Au lieu de chercher une cause première, il faut donc essayer de comprendre comment ces multiples plans ont pu s’arrimer les uns aux autres, par quel enchaînement de causes et d’effets ces deux univers culturels ont pu prendre forme et s’opposer de plus en plus nettement à l’autre. Cela est particulièrement important pour Le Nigog, dont la cohérence globale a été trop peu étudiée, mais vaut tout autant pour le régionalisme, dont certains aspects recevraient une lumière neuve grâce à une telle étude. Pour ce faire, il faut réexaminer les sociabilités, le mode de vie et les représentations qu’on en faisait [48]. Découvrir les acteurs des réseaux littéraires et la sociabilité qui les anime, de même que les habitus propres aux divers milieux littéraires, cela nous révèle bien plus que des anecdotes biographiques ; car, comme l’indique le cas du Nigog, la sociabilité peut être un indice des valeurs esthétiques ou politiques prisées par un groupe et les habitus peuvent devenir des enjeux dans les luttes pour l’obtention du capital symbolique. Ainsi, la mondanité fut, pour les exotiques et les régionalistes, le signe par excellence de ce qui les séparait : signe de distinction, d’élégance et d’élitisme culturel pour ceux du Nigog, signe de snobisme, d’urbanité, voire d’extériorité à la culture canadienne-française pour les régionalistes.

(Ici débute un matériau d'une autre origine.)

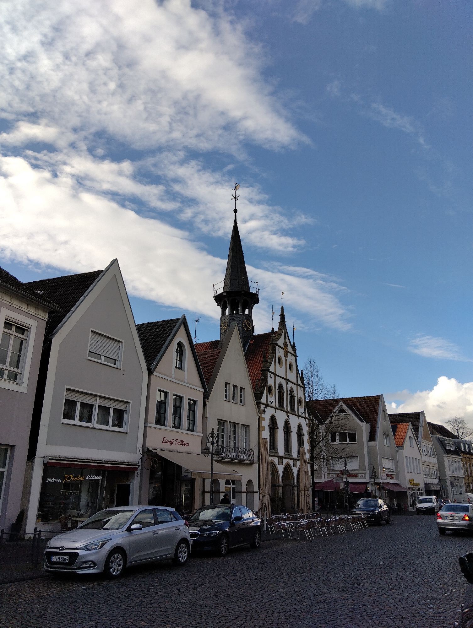 The image depicts a daytime street scene in Burgsteinfurt, Germany. A long row of multi-story buildings with varied facades lines a cobblestone street. Dominating the upper right-center is a historic building featuring a tall, dark, pointed spire with a weathervane and a visible clock face. Adjacent to it on the left is a prominent white building with ornate arched windows, decorative elements, and a red-tiled gabled roof. Other buildings in the row have gabled roofs and varying exterior colors, from light grey to white and beige. On the left side of the street, a silver Hyundai i20 hatchback (German license plate ST H 6064) is parked on the cobblestones in front of a building housing "Bäckerei Drobisch Konditorei" and "Eiscafé Di Marco." Another dark sedan is parked directly behind the Hyundai. Further down the street on the right, several other vehicles are present, including a dark sedan and a silver sedan (German license plate MS TS 703), as well as a white van. In the mid-ground, numerous empty outdoor tables and chairs are arranged on the cobblestones in front of the businesses, some with large, closed umbrellas. No individuals are clearly visible. The sky above is blue with scattered white stratocumulus clouds. The lighting indicates daylight conditions.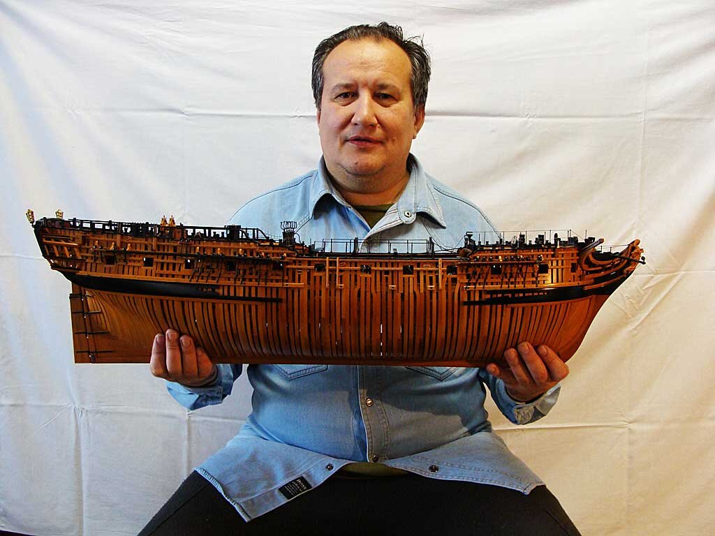 Всем привет! Я всегда хотел построить модель корабля так, как строили настоящий корабль. Поэтому моя особая любовь к адмиралтейским моделям. Увы, очень мало для таких кораблей сделано чертежей, потому что там важны все подробности. Обычно моделисты используют книги АНКРЕ. Но проблема в том, что эти авторы пишут только про французский флот. Для других стран они реконструкции не делают, им бы свое наследие восстановить. Многие моделисты, адмиралтейщики, вынуждены строить эти модели. Еще есть серия книг "Анатомия корабля". Это уже про английские корабли. Их тоже делают моделисты, но я их знаю намного хуже. Все иностранцы обычно бывают на англоговоряцем американском форуме и американцев-судомоделистов там намного больше. А они строят в основном свои американские модели. А мне всегда хотелось сделать модель как у нашего большого Мастера, Нарима Майгельдинова. Вот он со своей "Пандорой", построенной в 2008-2009 гг. Поэтому я очень был рад, когда на американском форуме появился блог мастера

Comprendre comment et pourquoi la mondanité a pu prendre une telle importance, cela ne peut être résolu ici. Trop de données manquent, du fait de l’absence de recherches documentaires consacrées à ce phénomène. De plus, comme la mondanité est liée aux tensions entre univers rural et urbain, entre notables et grands bourgeois, entre conservatisme et une certaine modernité, entre autonomie ou dépendance culturelle face à la France, entre appartenance au Canada ou au Canada français, son explication exige de recourir à la démographie, à la sociologie, à l’histoire culturelle et à l’histoire littéraire, et nécessite d’importants travaux d’approche. Objet éminemment interdisciplinaire, elle n’a pourtant été abordée par pratiquement aucune discipline. Nous ne pouvons qu’en appeler à une redécouverte et à une relecture de ce qui a été un phénomène majeur de la vie culturelle au Québec.